For one thing the head coach of the Green Terrors, is a Harlow pupil like Howle Odell of Yale. Havens learned football from the ground up, literally, as a center for the first four years Harlow assumed the football fate of Westminster. Dick Harlow started there in 1926, and during four campaigns Havens had an inverted view of every bit of Harlow deception.
Harlow stayed with Maryland until 1935, long enough to develop Herb Kopp, now Crimson forward wall coach, into one of the best ever to emerge from Maryland.
Program scrutinizers will notice the name Margarita on both sides of the cigarette ad. Yes, they are related. Maryland left guard Attillio Margarita is the younger brother of Harlow's backfield specialists and former Chicago Bear, Bob Margarita.

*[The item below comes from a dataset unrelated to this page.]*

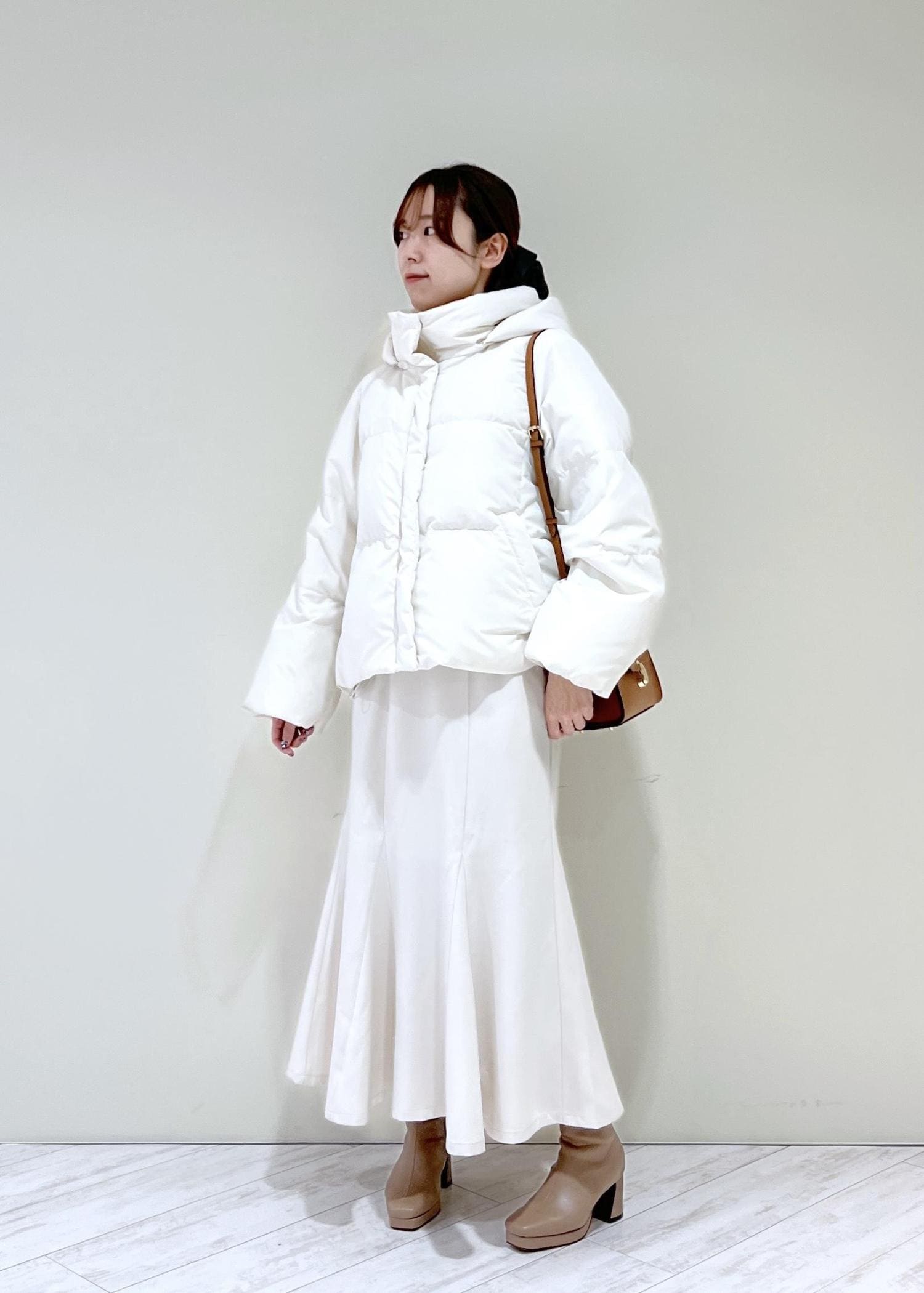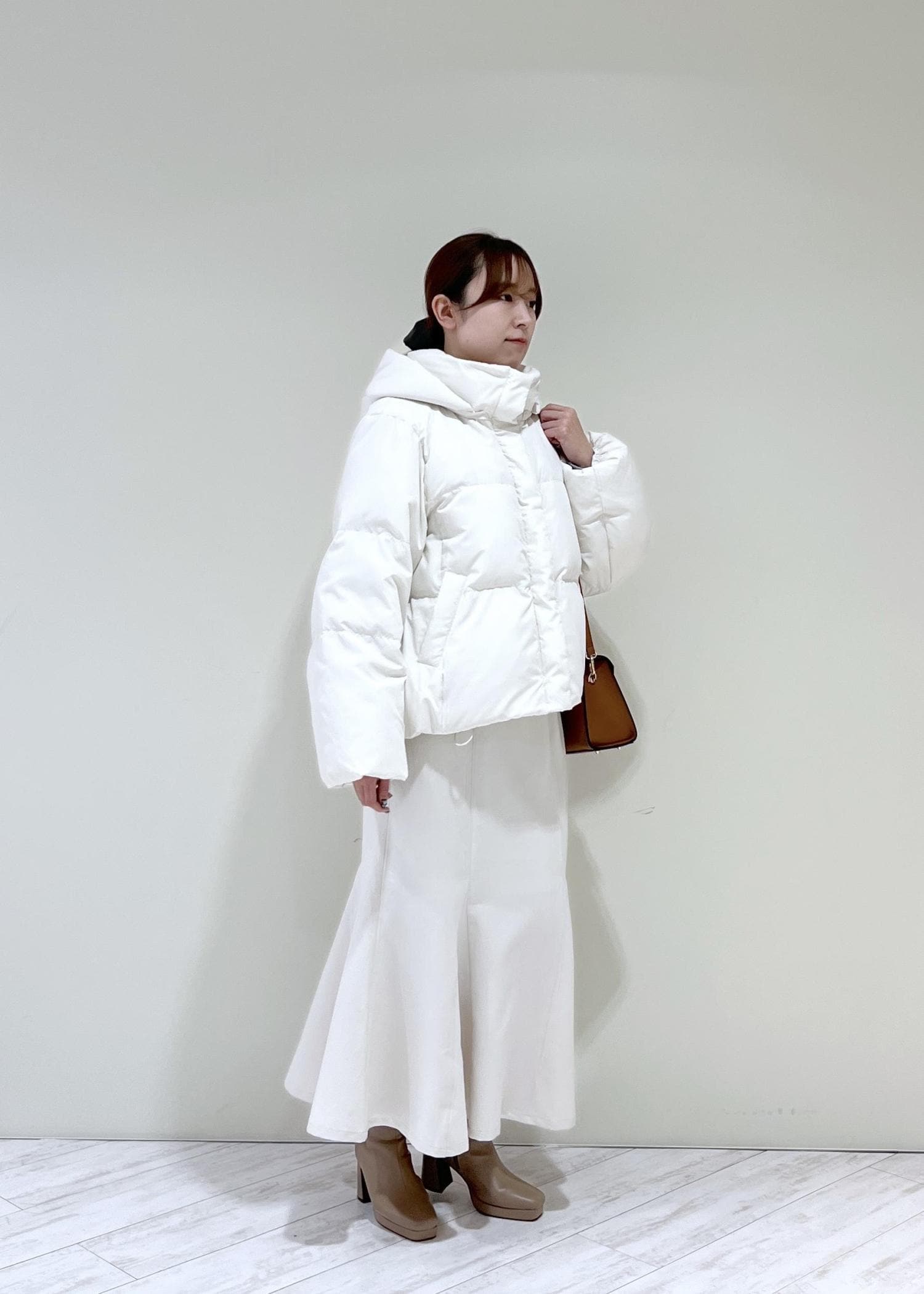 VIS【アウター総選挙3位】フード取り外し可能軽量ダウンブルゾン/2WAY・撥水加工オフホワイト / L¥18,480レビュー身長164cmでLサイズ着用で、着丈はおしりが隠れるくらいでした。着膨れせずにすっきり着られて、丈も長過ぎないのでロング丈のボトムと合わせてもバランス良くコーディネート出来ます◎
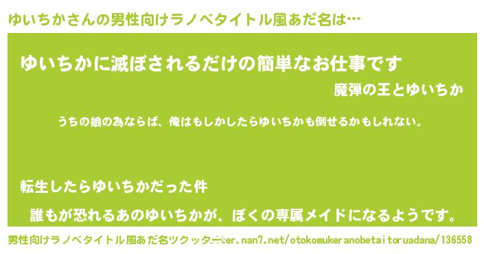 | 女子向けラノベタイトル風あだ名 | 『ゆいちか伯爵の花嫁』 |

The Bob of the family had no comment yesterday on the strength of the Maryland line.
One more reason for a meeting between the two outfits is that it might be a fine football battle. Havens has in his 45 man caravan four ends, five tackles, and five guards, and a formidable center named John Kern who tips the scales at 221.
Maryland also boasts a well rounded set of backs, as interchangeable as the parts of a Ford tractor. Key man in the offense is 200 pound fullback Hank Corrado. Operating from a single wing and a T, Joe Gianclli, 155 pound flutterback, calls the signals and may got away this afternoon for some long runs.
Right halfback Lee Lothram provides the aerial power, while Jim Formwalt can perform variegated chores on the other flank. Sure to see action is Stan Kulakowski, a definite threat in the tailback position.
A little man meets a big man at Soldiers Field today. Western Maryland can lose a ball game. For Harvard a season is at stake.